`94^(3)-23^(3)-71^(3)` is atleast divisible by

To solve the problem \( 94^3 - 23^3 - 71^3 \) and determine by what number it is at least divisible, we can use the properties of cubes and the difference of cubes formula. ### Step-by-step Solution: 1. **Identify the Expression**: We start with the expression \( 94^3 - 23^3 - 71^3 \). 2. **Rearranging the Expression**: We can rearrange the expression to group \( 94^3 \) with \( 23^3 + 71^3 \): \[ 94^3 - (23^3 + 71^3) \] 3. **Using the Sum of Cubes Formula**: We know that \( a^3 + b^3 = (a + b)(a^2 - ab + b^2) \).

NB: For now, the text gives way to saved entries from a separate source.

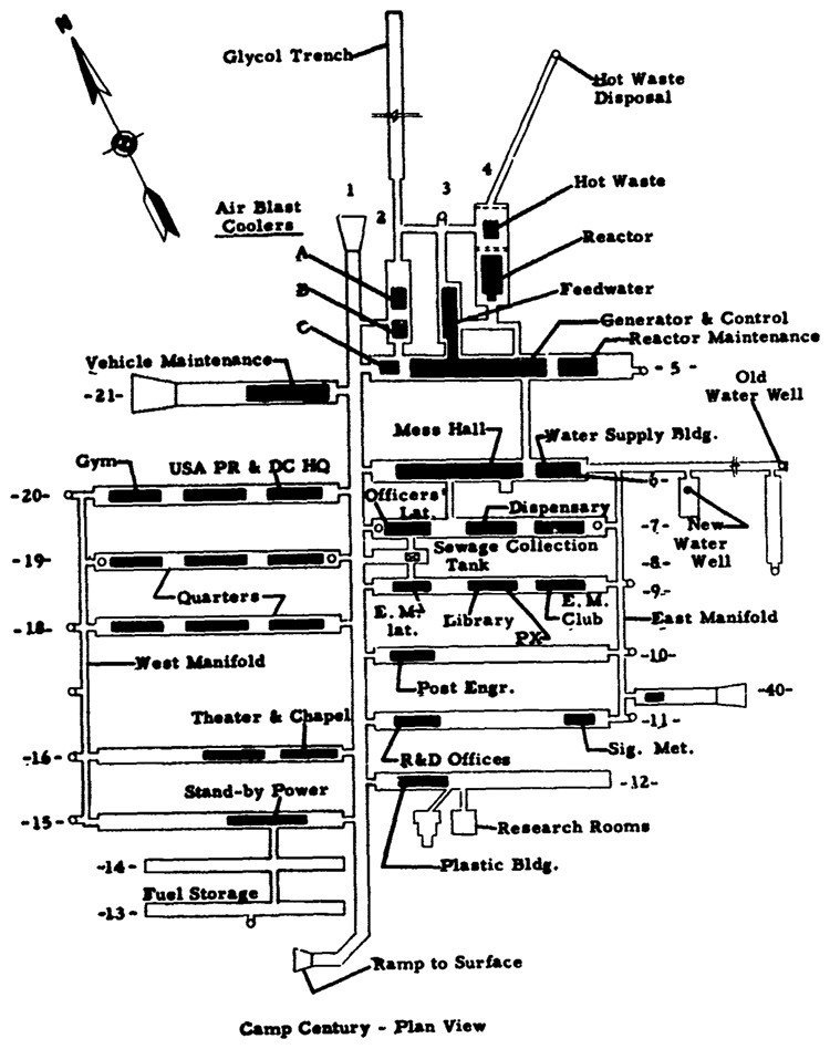 La base Camp Century constaba de 21 túneles bajo el hielo, con una longitud total de tres kilómetros. Además del primer reactor nuclear móvil del mundo, Alco PM-2A, el lugar albergaba entre 85 y 200 soldados y científicos. Esas personas desplegadas disponían de laboratorios, una biblioteca, una cafetería, un hospital, una iglesia, un pequeño teatro y otras comodidades fuera de lo común, teniendo en cuenta la ubicación.
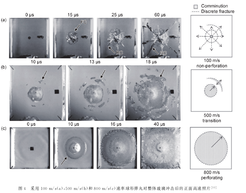 依据1.4节中的讨论,弹击动态加载情况下,材料力学参数和实际防弹性能存在不一致的现象;此外也通过冲击实验理解了蓝宝石作为迎弹面材料防弹性能不如多晶陶瓷的原因。而在本节中,将继续通过其他研究者对透明装甲破坏行为的研究,进一步理解不同材料、不同结构装甲在高应变速率下的裂纹形核、拓展,缺陷影响,和材料失效情况等。
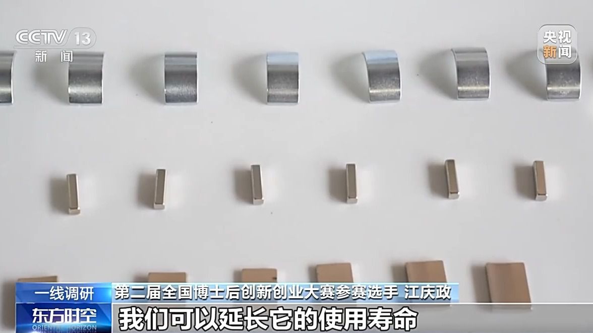 第二届全国博士后创新创业大赛参赛选手 江庆政:如果我们能在磁性能不降低的同时,我们把重稀土的用量只要降低0.05%,那5000吨这样的磁体可以直接节约成本2500万元。成本降下来是一方面,我们可以延长它的使用寿命,就可以实现我们稀土产业很好的绿色可持续发展。
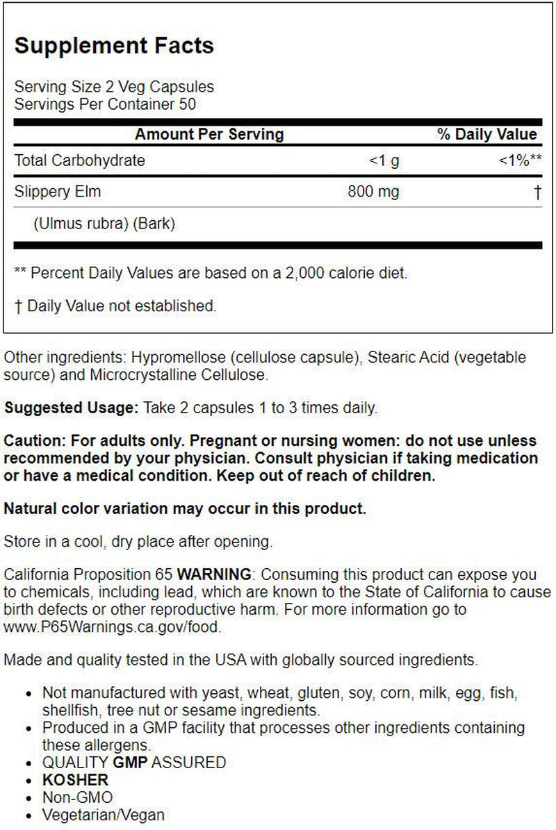 | Product Name | NOW Supplements, Slippery Elm (Ulmus rubra) 400 mg, Herbal Supplement, 100 Veg Capsules |
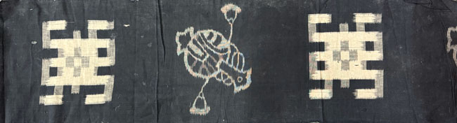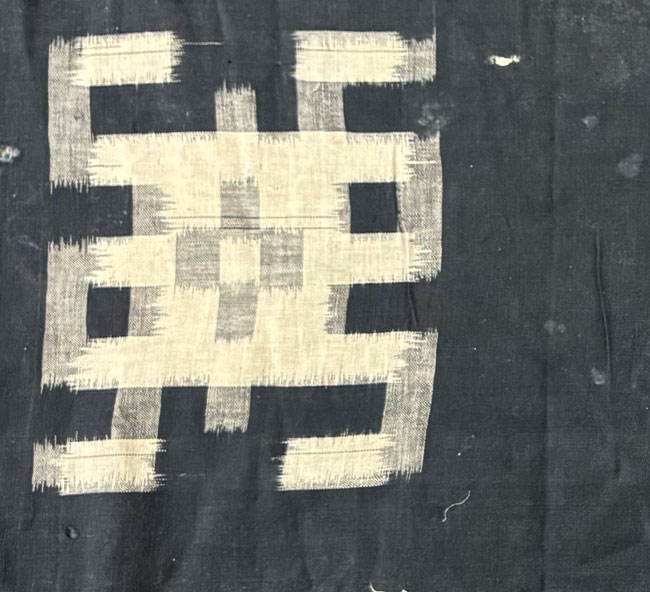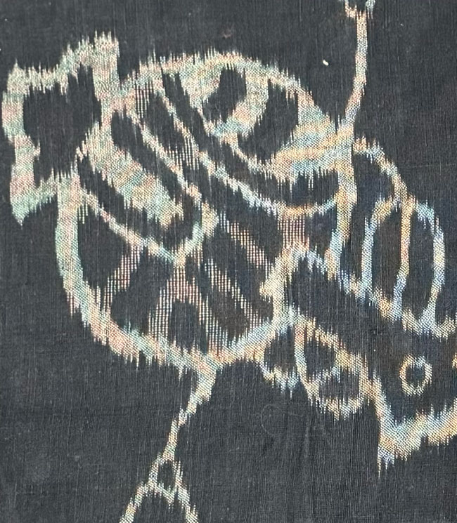 Vintage indigo cotton with woven ikat designs.

Here, let \( a = 23 \) and \( b = 71 \): \[ 23^3 + 71^3 = (23 + 71)(23^2 - 23 \cdot 71 + 71^2) \] This simplifies to: \[ 23^3 + 71^3 = 94(23^2 - 23 \cdot 71 + 71^2) \] 4. **Substituting Back**: Now we substitute back into our expression: \[ 94^3 - (23^3 + 71^3) = 94^3 - 94(23^2 - 23 \cdot 71 + 71^2) \] 5. **Factoring Out 94**: We can factor out 94: \[ = 94 \left( 94^2 - (23^2 - 23 \cdot 71 + 71^2) \right) \] 6. **Conclusion on Divisibility**: Since we have factored out 94, it shows that \( 94^3 - 23^3 - 71^3 \) is divisible by 94. ### Final Result: Thus, \( 94^3 - 23^3 - 71^3 \) is at least divisible by **94**.